It’s no secret, write Banerjee and Duflo (co-authors: Poor Economics: A Radical Rethinking of the Way To Fight Global Poverty, 2011), that “we seem to have fallen on hard times.” Immigration, trade, inequality, and taxation problems present themselves daily, and they seem to be intractable. Economics can be put to use in figuring out these big-issue questions. Data can be adduced, for example, to answer the question of whether immigration tends to suppress wages. The answer: “There is no evidence low-skilled migration to rich countries drives wage and employment down for the natives.” In fact, it opens up opportunities for those natives by freeing them to look for better work.
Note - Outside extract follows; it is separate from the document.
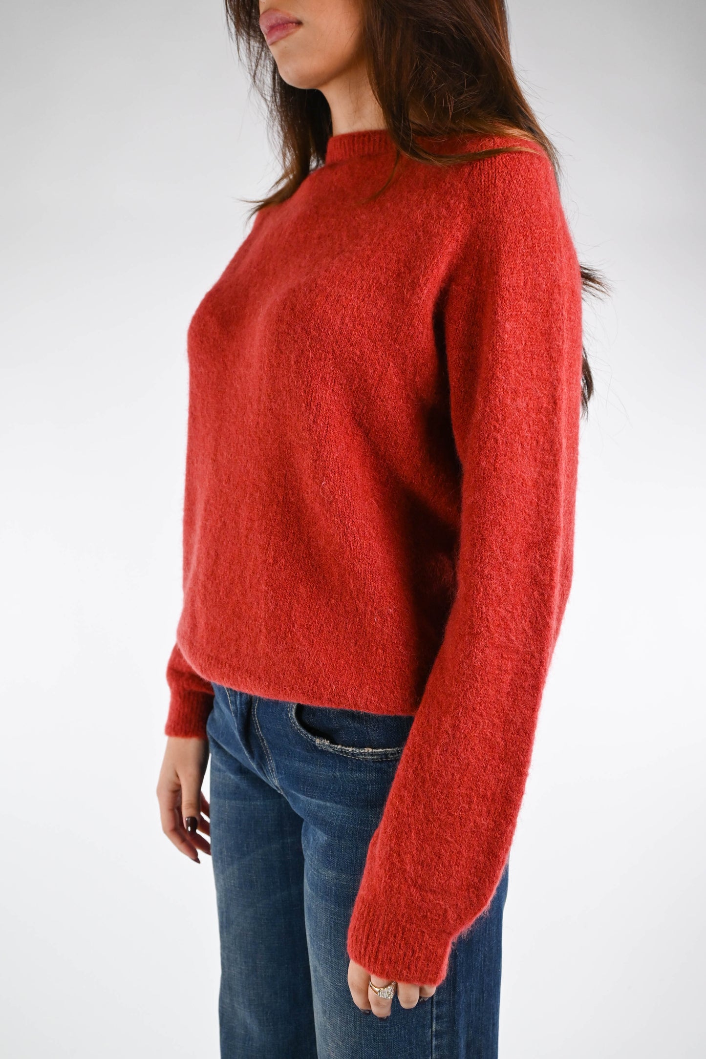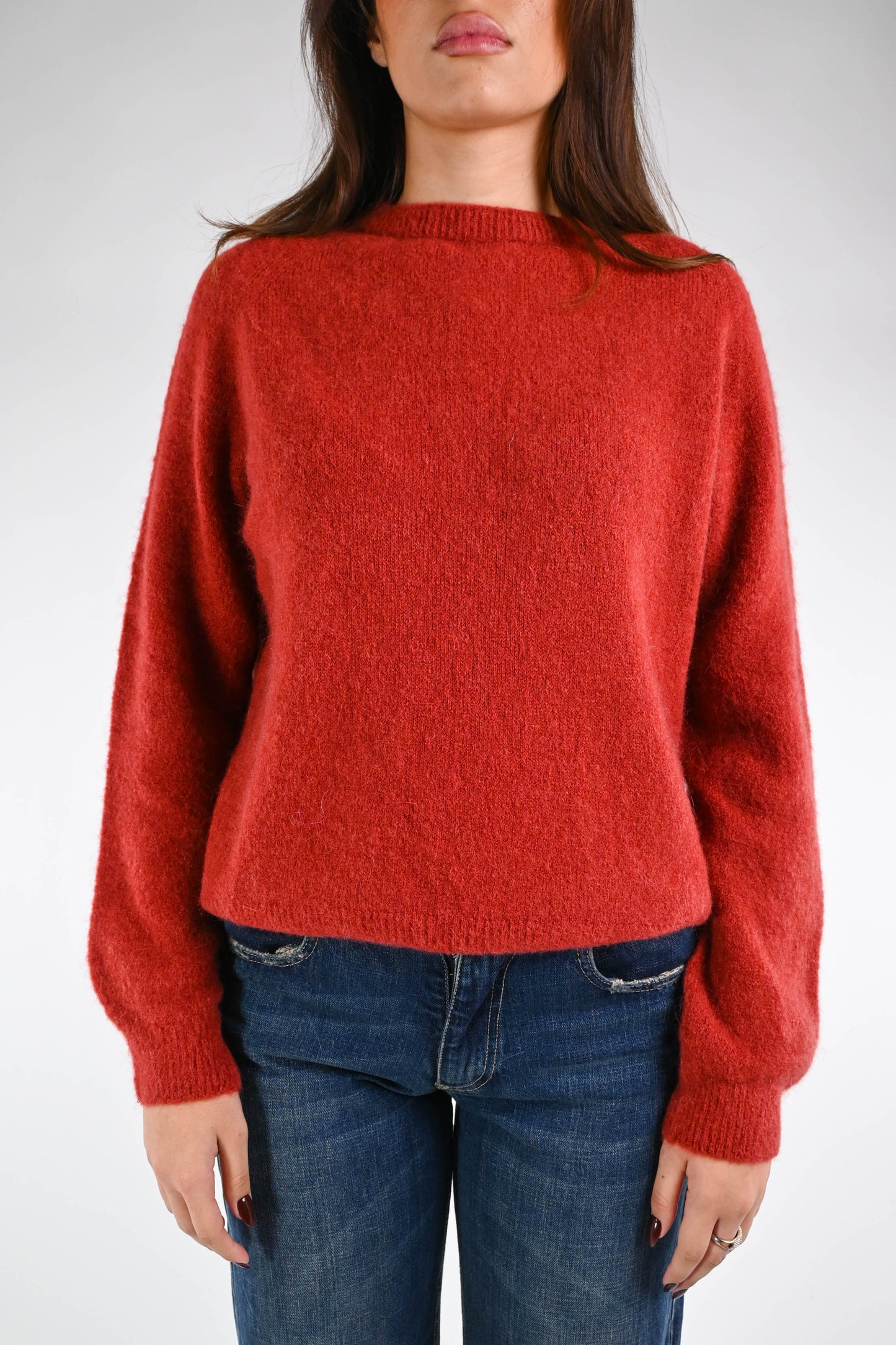 Maglia girocollo baby alpaca, manica lunga, colore Bruciato

The problem becomes thornier when it comes to the matter of free trade; as the authors observe, “left-behind people live in left-behind places,” which explains why regional poverty descended on Appalachia when so many manufacturing jobs left for China in the age of globalism, leaving behind not just left-behind people but also people ripe for exploitation by nationalist politicians. The authors add, interestingly, that the same thing occurred in parts of Germany, Spain, and Norway that fell victim to the “China shock.” In what they call a “slightly technical aside,” they build a case for addressing trade issues not with trade wars but with consumption taxes: “It makes no sense to ask agricultural workers to lose their jobs just so steelworkers can keep theirs, which is what tariffs accomplish.” Policymakers might want to consider such counsel, especially when it is coupled with the observation that free trade benefits workers in poor countries but punishes workers in rich ones.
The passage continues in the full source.